Dr. Oumair Aejaz, 40, recorded children as young as two and women recovering from operations in various hospital rooms, the County of Oakland Sheriff’s Office said in a press release. He spied on people in changing rooms, closets, bathrooms and bedrooms at hospitals and at a local swim club.

He received 10 charges, including one count of sexual abuse of a child; one count of using a computer to create and/or reproduce child sexual abuse material, and four counts of capturing or recording children under 18 and two women while nude. His bond is set at $2 million.

“This is one of the most disturbing sexual predator cases I have seen in my very long career,” Sheriff Michael Bouchard told a press conference Thursday. “He violates literally anyone and everyone he can. From a 2-year-old boy to grown women, no one is immune from his disgusting predatory behavior.”

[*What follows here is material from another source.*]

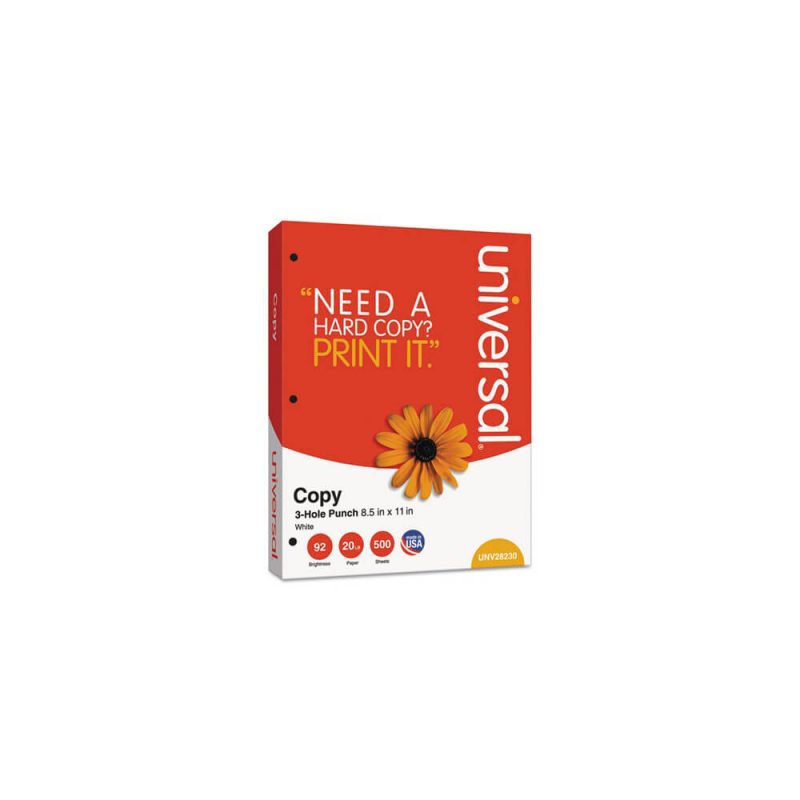 Copy Paper, 92 Bright, 3-Hole, 20 lb, 8.5 x 11, White, 500 Sheets/Ream, 10 Reams/Carton

The number of victims is unknown “because there are so many of them,” he said.

Bouchard added: “At the end of this case, it is my fervent hope that he is held fully accountable behind bars.”

“These are children and moms at a swim school,” Oakland County Prosecutor Karen D. McDonald said during the news conference. “They were victimized by a person of trust in the community — a medical doctor.

Aejaz had privileges at Henry Ford Macomb Hospital in Clinton Township and Ascension Genesys Hospital in Grand Blanc Township. Both hospitals are cooperating with the investigation.

“We are shocked by these allegations and take them very seriously. This individual has never been an employee of Henry Ford Health but had privileges at several area hospitals, including Henry Ford Macomb Hospital,” Henry Ford Macomb Hospital said in a statement.

“The safety of our patients and team members is our top priority and we have taken immediate action to prevent him from practicing at our health system,” the statement added.

NBC News has contacted Ascension for comment.

Sheriff’s detectives received a tip about Aejaz’s behavior on August 7 and carried out a raid on his home the next day, when six computers, four cell phones and 15 external storage devices were seized.

Just one device contained 13,000 videos dating back six years — detectives estimate it will take at least six months to fully examine all the seized devices.

NBC affiliate WDIV of Detroit reported that the tip-off came from Aejaz’s wife.

Police said Aejaz is from India and was working in the United States on a visa after coming to the country in 2011. A specialist in internal medicine, he completed his residency at Detroit Sinai Grace Hospital, before moving to Dawson, Alabama. He later returned to Oakland County in 2018.

Bouchard said the scope of the investigation would take detectives beyond Genesee and Macomb Counties, where Aejaz worked, and could include other states and possibly other countries.